Diversity also sources produce from FortWhyte Farms, FortWhyte Alive’s social enterprise program that works with marginalized youth in the practice of sustainable urban agriculture.
While not all ingredients can be sourced close to home (such as coffee, pineapples or bananas), Diversity is constantly trying to follow the trail back, to make sure there’s no forced or child labour and that ingredients are sustainable. “We’re working to make sure the companies we’re dealing with are as ethical as possible,” Ian said.
The organization has also been sourcing honey, in partnership with Winnipeg’s Beeproject Apiaries, from its own beehives on top of the Duckworth Centre.

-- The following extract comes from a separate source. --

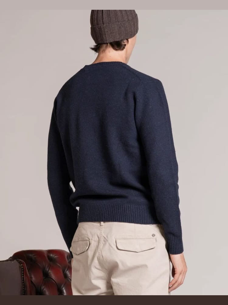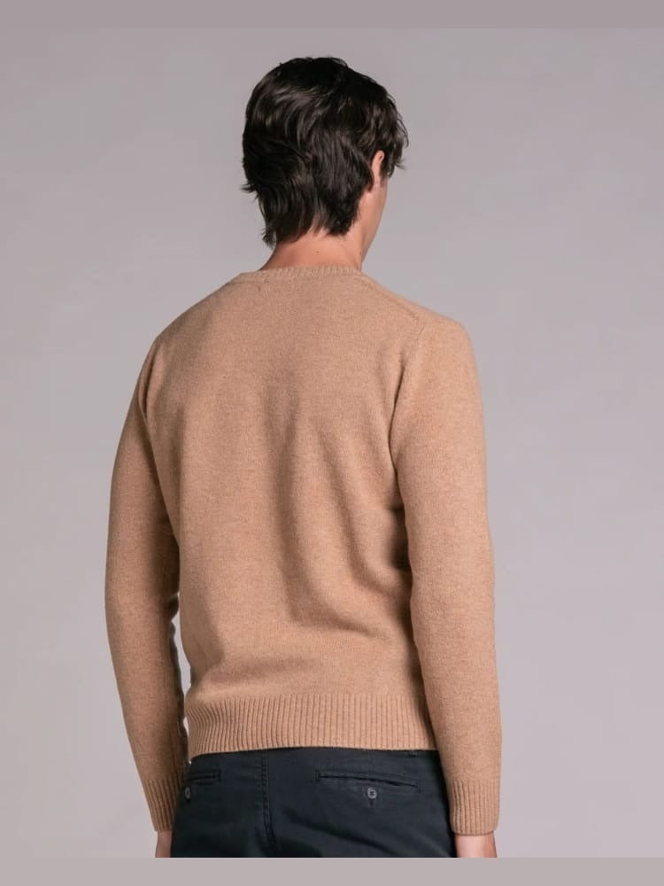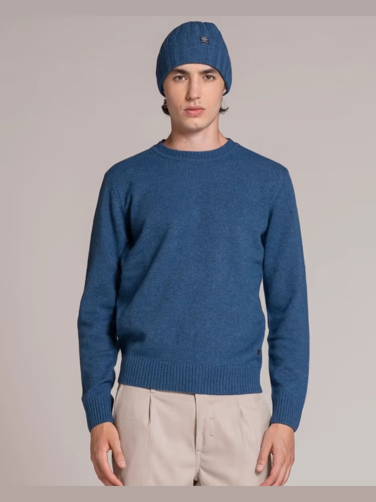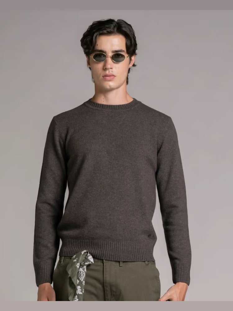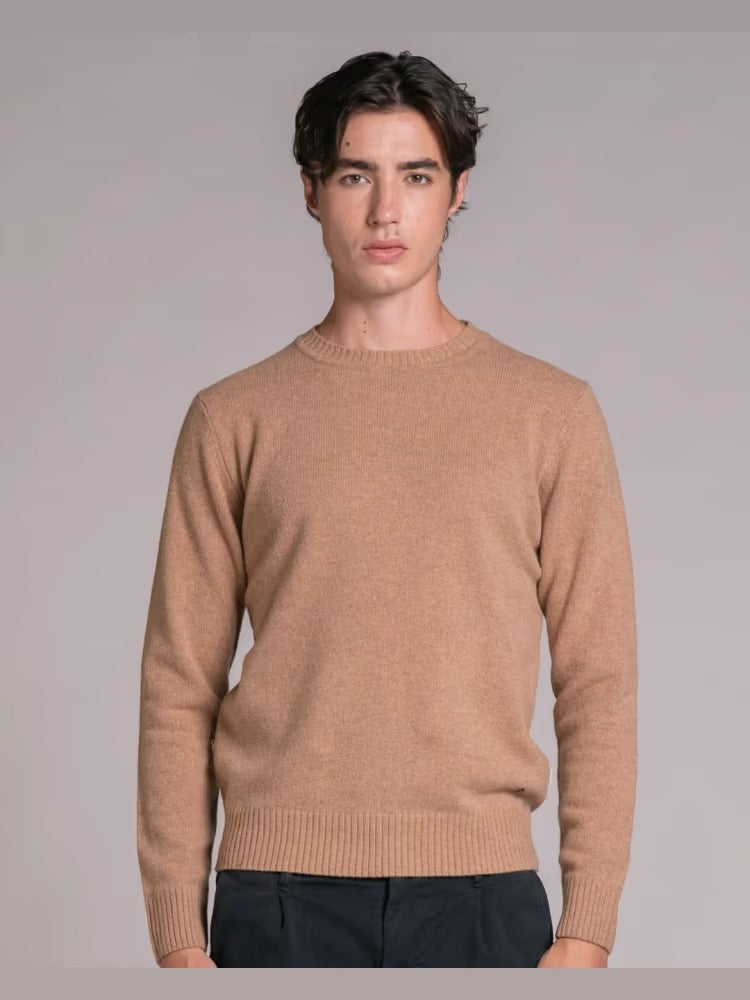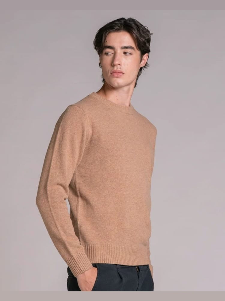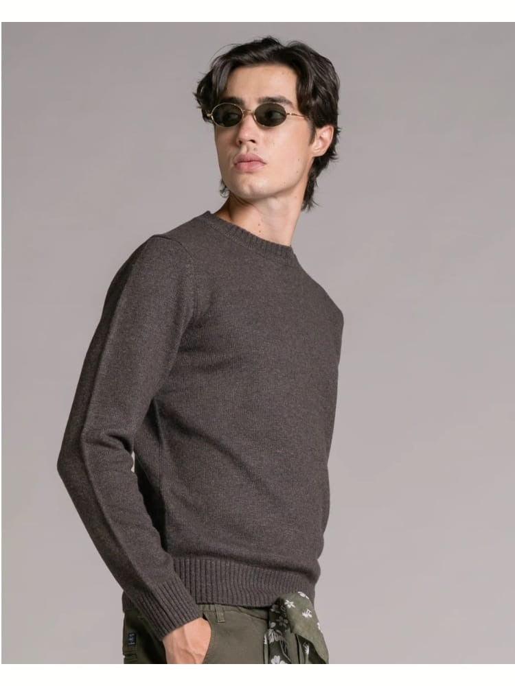 Maglione da uomo modello girocollo a manica lunga con bordi a costine, realizzato in misto lana di agnello

Soon, they will also be producing more of their own herbs and vegetables in a greenhouse on the fifth floor of the U of W’s Centennial Hall.
Partnering for better credit
Right from the start, Diversity has worked with Assiniboine Credit Union, who partnered with Jubilee Fund to provide the initial financing. Since they support numerous smaller local suppliers, the company doesn’t usually get to benefit from the terms of credit offered by large food-service suppliers.
We’re working directly with farmers and they can’t give us 30-day terms — they need cash,” Vickers said.
“We run our business off a chequing account, a savings account, a couple of credit cards and a revolving line of credit. Our relationship with ACU is strong and they’ve been supporters of ours from the beginning. It’s a real asset to have a partner like ACU.”